• **Exercise aim**
Nothing but the lines from the first line of the records through the line with "Solaray Calcium Citrate" should be output, exactly as written and free of pictures.

Records drawn from a dataset:
■ ■ ■ ■ ■

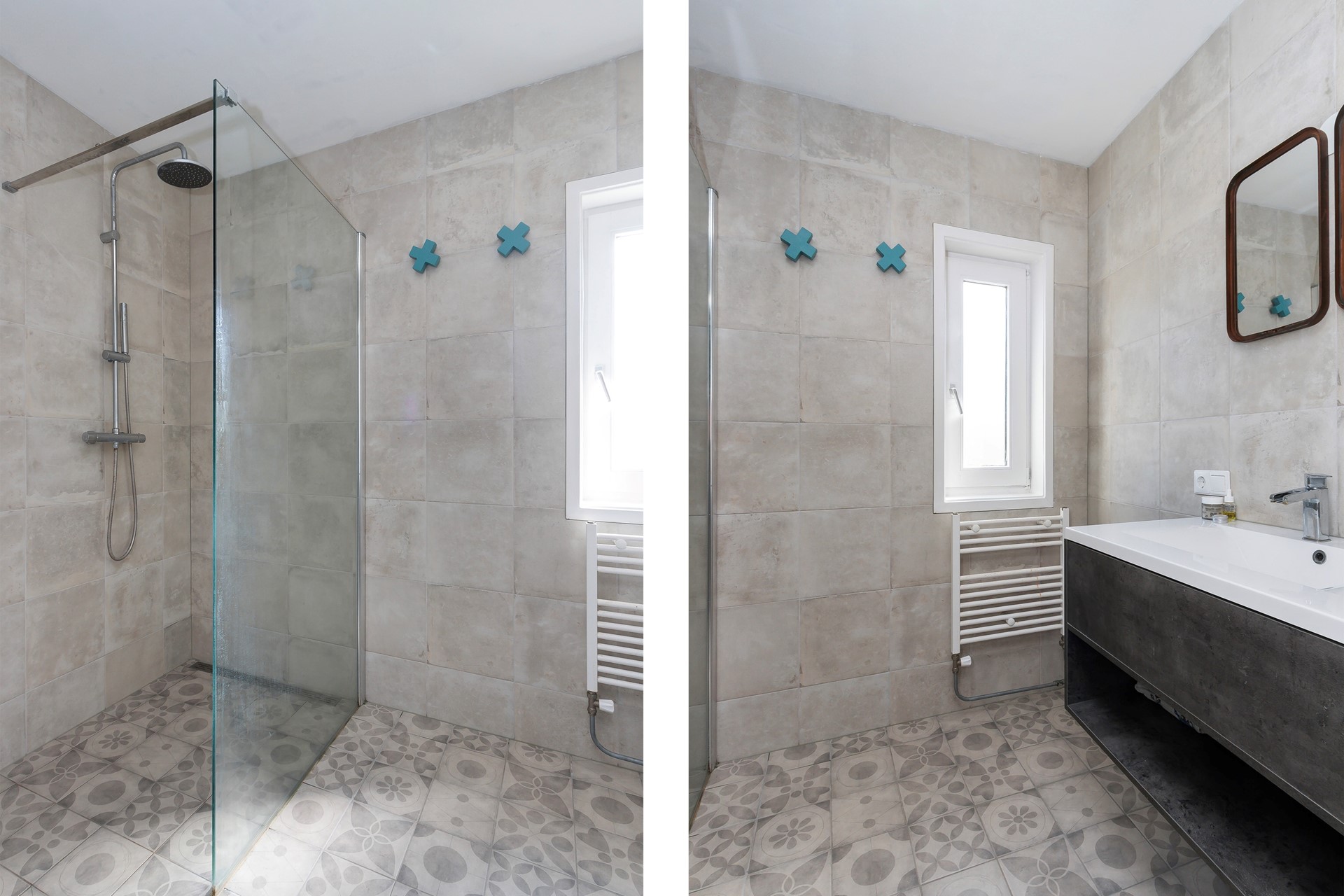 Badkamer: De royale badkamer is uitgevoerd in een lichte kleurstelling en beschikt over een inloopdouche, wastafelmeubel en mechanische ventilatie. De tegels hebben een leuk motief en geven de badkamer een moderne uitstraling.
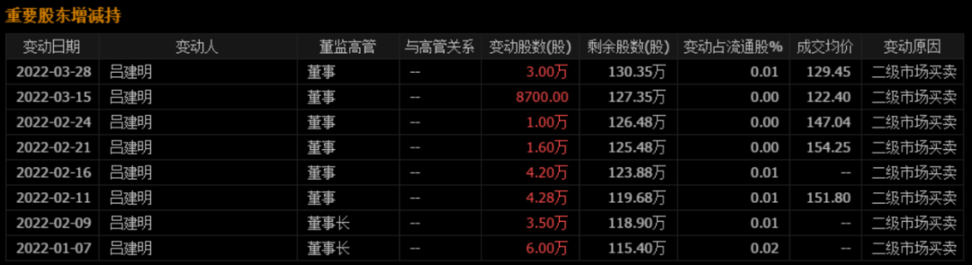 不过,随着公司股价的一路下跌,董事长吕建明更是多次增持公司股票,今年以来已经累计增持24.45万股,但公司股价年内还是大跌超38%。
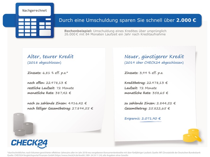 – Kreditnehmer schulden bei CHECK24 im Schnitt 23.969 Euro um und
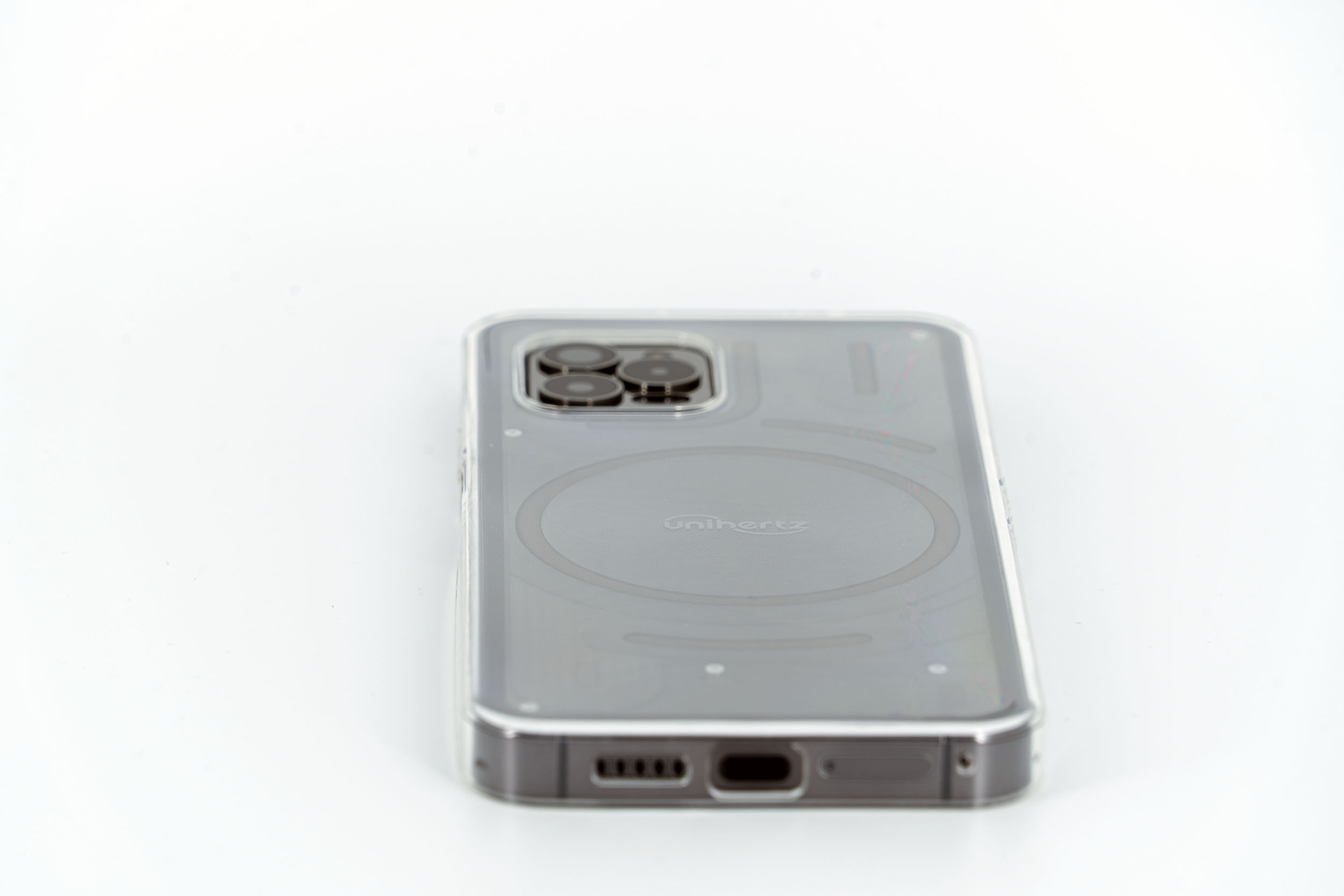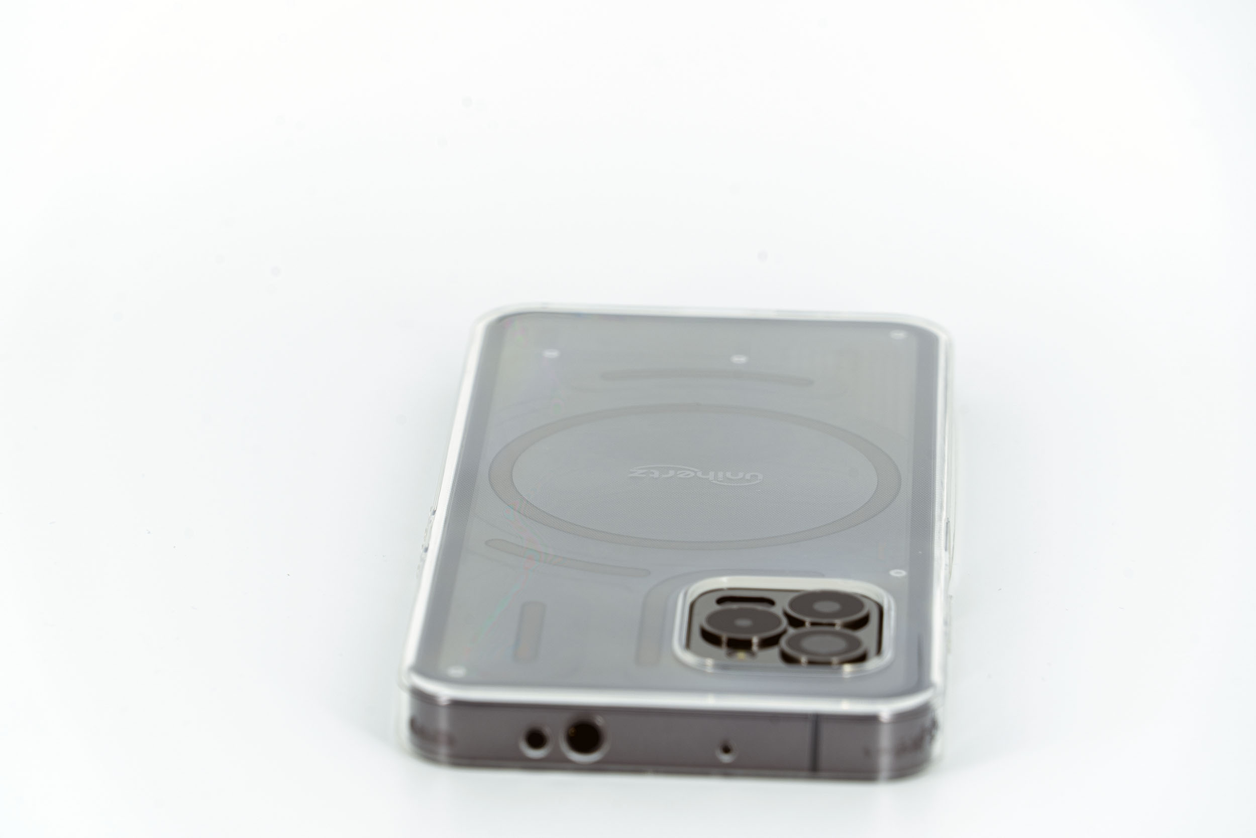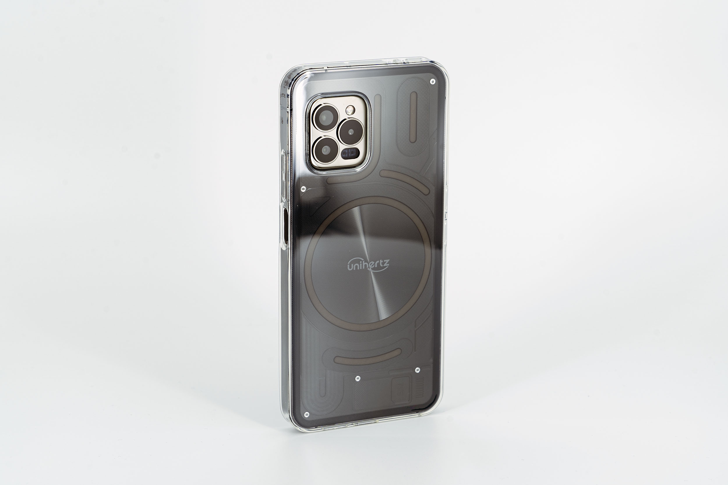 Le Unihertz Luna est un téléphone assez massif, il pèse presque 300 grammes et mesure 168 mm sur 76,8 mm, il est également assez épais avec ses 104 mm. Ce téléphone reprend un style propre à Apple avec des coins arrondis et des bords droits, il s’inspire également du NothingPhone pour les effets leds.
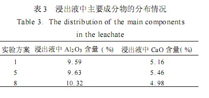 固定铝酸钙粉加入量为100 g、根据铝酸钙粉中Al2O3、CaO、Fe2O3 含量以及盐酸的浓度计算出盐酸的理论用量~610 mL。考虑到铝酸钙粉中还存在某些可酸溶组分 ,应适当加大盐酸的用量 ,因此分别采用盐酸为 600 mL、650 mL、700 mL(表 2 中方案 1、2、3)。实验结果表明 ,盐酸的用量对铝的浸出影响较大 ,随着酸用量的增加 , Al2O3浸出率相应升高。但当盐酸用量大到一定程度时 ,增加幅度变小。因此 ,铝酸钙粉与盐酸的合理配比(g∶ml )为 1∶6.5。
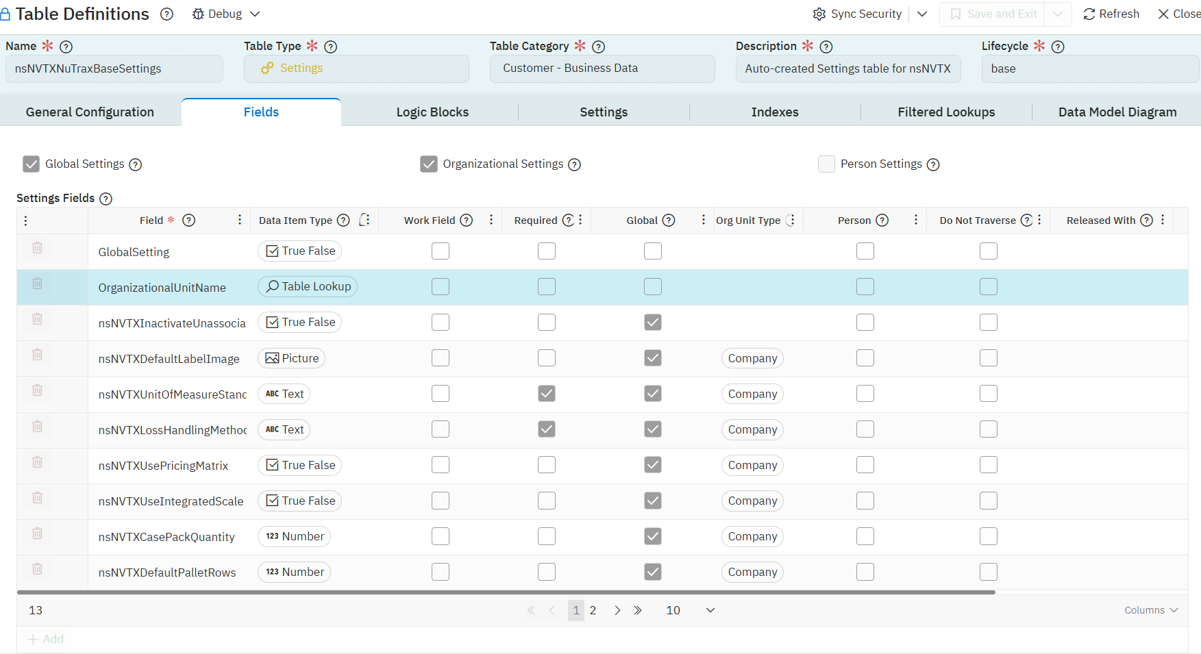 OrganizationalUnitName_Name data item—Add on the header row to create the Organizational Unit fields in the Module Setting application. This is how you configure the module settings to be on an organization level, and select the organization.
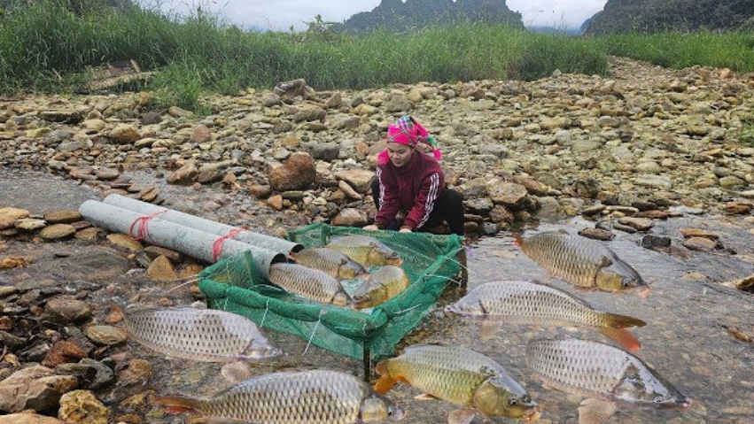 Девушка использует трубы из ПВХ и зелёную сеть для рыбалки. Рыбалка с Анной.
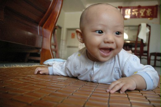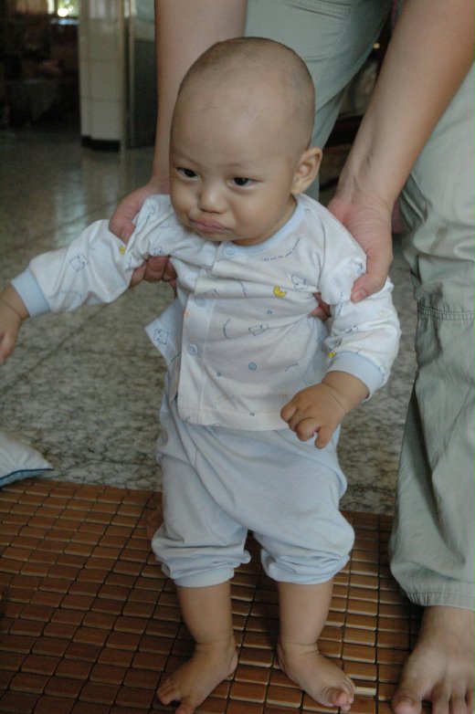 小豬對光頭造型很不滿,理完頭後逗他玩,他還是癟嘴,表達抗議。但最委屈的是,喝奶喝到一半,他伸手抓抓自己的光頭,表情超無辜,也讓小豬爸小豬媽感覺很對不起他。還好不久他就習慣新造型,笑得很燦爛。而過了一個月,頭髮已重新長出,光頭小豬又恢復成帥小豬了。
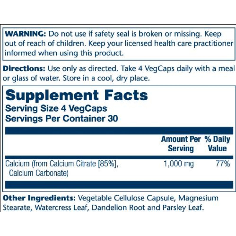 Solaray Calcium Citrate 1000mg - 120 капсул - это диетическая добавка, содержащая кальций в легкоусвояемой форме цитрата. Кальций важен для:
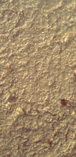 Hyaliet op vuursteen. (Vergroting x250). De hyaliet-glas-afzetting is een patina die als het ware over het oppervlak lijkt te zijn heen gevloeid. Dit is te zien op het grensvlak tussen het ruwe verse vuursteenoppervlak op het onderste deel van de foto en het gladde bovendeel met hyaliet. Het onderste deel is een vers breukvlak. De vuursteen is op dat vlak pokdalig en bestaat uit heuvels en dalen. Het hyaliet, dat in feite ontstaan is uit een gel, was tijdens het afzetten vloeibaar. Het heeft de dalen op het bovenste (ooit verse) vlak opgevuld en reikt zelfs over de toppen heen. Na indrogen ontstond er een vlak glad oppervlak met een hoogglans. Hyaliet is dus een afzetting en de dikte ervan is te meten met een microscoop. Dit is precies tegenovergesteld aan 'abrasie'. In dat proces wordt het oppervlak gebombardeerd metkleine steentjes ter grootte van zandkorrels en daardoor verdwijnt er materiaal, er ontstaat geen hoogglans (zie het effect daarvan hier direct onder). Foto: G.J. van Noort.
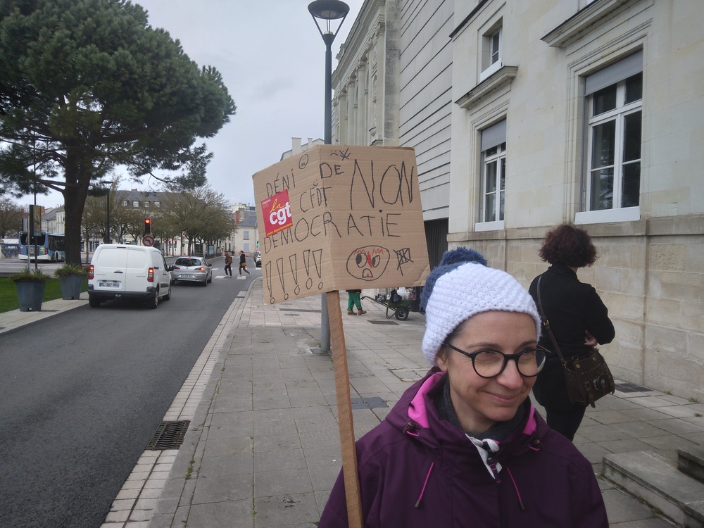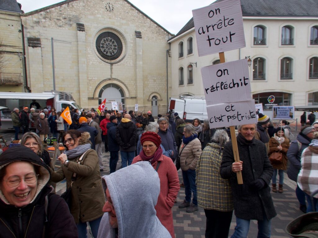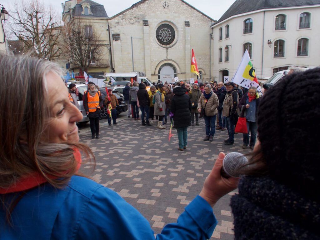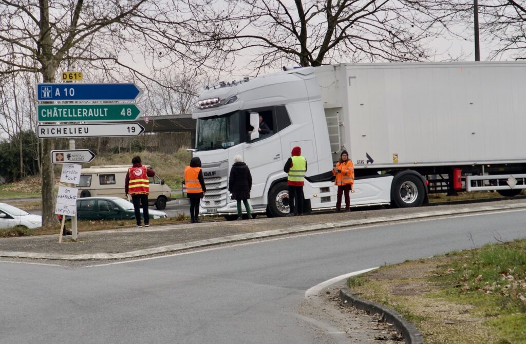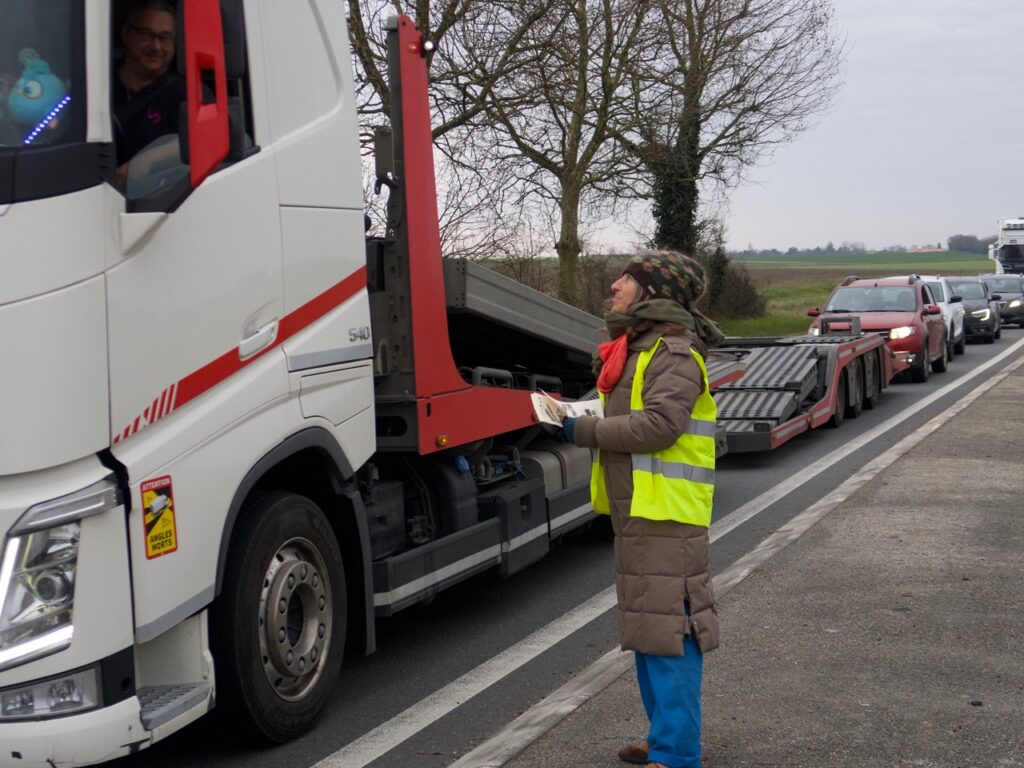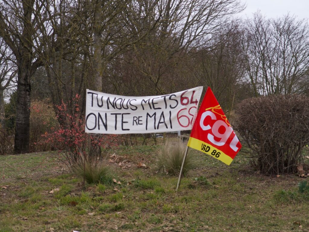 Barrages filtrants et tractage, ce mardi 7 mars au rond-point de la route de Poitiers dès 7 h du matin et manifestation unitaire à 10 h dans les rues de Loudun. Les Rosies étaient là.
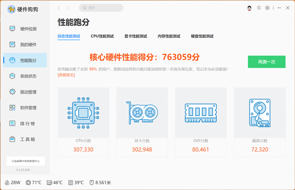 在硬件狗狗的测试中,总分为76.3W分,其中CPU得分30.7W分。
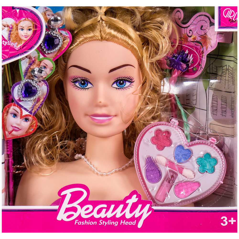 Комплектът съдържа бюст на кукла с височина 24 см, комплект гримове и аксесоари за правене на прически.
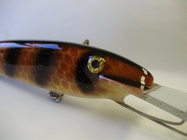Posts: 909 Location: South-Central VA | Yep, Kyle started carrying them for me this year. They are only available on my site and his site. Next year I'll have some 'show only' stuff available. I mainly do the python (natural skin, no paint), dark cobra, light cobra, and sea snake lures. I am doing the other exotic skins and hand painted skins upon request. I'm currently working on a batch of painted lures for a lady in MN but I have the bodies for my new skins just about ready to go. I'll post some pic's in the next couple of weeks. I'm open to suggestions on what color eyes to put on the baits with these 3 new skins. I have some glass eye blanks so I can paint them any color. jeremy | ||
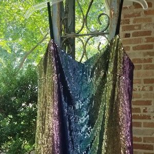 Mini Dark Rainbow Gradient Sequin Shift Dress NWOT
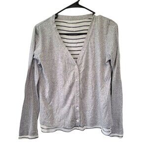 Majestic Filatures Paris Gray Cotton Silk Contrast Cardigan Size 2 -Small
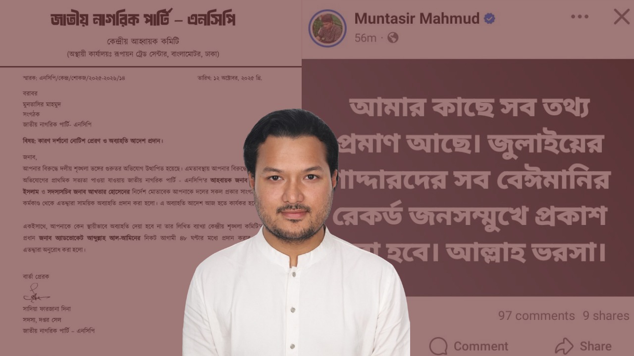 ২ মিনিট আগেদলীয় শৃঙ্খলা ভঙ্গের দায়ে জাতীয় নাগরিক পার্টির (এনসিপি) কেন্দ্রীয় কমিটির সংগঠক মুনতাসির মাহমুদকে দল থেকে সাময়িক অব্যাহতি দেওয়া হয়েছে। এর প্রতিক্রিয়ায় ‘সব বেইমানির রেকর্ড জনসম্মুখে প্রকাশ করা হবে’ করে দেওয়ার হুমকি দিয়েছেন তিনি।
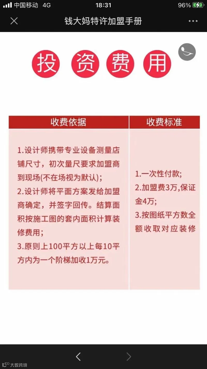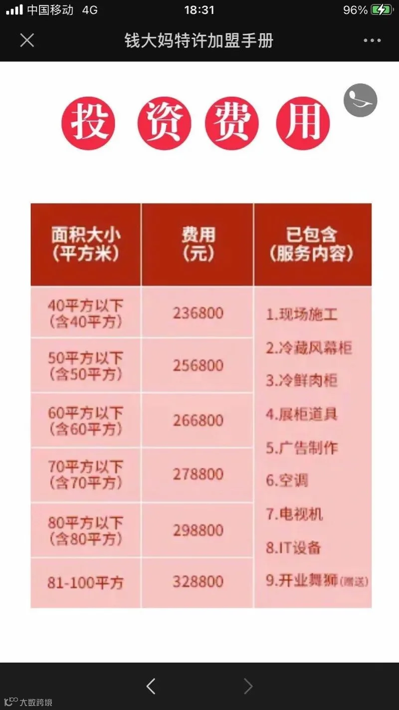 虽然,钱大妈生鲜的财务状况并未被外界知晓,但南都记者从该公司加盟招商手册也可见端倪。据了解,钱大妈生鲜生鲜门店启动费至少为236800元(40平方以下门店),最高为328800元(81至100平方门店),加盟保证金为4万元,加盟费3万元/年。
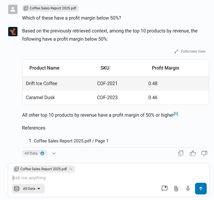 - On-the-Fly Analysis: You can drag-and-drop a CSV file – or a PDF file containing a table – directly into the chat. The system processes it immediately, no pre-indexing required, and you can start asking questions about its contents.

■ ■ ■ ■ ■

• **Output for this task**
 Badkamer: De royale badkamer is uitgevoerd in een lichte kleurstelling en beschikt over een inloopdouche, wastafelmeubel en mechanische ventilatie. De tegels hebben een leuk motief en geven de badkamer een moderne uitstraling.
 不过,随着公司股价的一路下跌,董事长吕建明更是多次增持公司股票,今年以来已经累计增持24.45万股,但公司股价年内还是大跌超38%。
 – Kreditnehmer schulden bei CHECK24 im Schnitt 23.969 Euro um und
 Le Unihertz Luna est un téléphone assez massif, il pèse presque 300 grammes et mesure 168 mm sur 76,8 mm, il est également assez épais avec ses 104 mm. Ce téléphone reprend un style propre à Apple avec des coins arrondis et des bords droits, il s’inspire également du NothingPhone pour les effets leds.
 固定铝酸钙粉加入量为100 g、根据铝酸钙粉中Al2O3、CaO、Fe2O3 含量以及盐酸的浓度计算出盐酸的理论用量~610 mL。考虑到铝酸钙粉中还存在某些可酸溶组分 ,应适当加大盐酸的用量 ,因此分别采用盐酸为 600 mL、650 mL、700 mL(表 2 中方案 1、2、3)。实验结果表明 ,盐酸的用量对铝的浸出影响较大 ,随着酸用量的增加 , Al2O3浸出率相应升高。但当盐酸用量大到一定程度时 ,增加幅度变小。因此 ,铝酸钙粉与盐酸的合理配比(g∶ml )为 1∶6.5。
 OrganizationalUnitName_Name data item—Add on the header row to create the Organizational Unit fields in the Module Setting application. This is how you configure the module settings to be on an organization level, and select the organization.
 Девушка использует трубы из ПВХ и зелёную сеть для рыбалки. Рыбалка с Анной.
 小豬對光頭造型很不滿,理完頭後逗他玩,他還是癟嘴,表達抗議。但最委屈的是,喝奶喝到一半,他伸手抓抓自己的光頭,表情超無辜,也讓小豬爸小豬媽感覺很對不起他。還好不久他就習慣新造型,笑得很燦爛。而過了一個月,頭髮已重新長出,光頭小豬又恢復成帥小豬了。
 Solaray Calcium Citrate 1000mg - 120 капсул - это диетическая добавка, содержащая кальций в легкоусвояемой форме цитрата. Кальций важен для:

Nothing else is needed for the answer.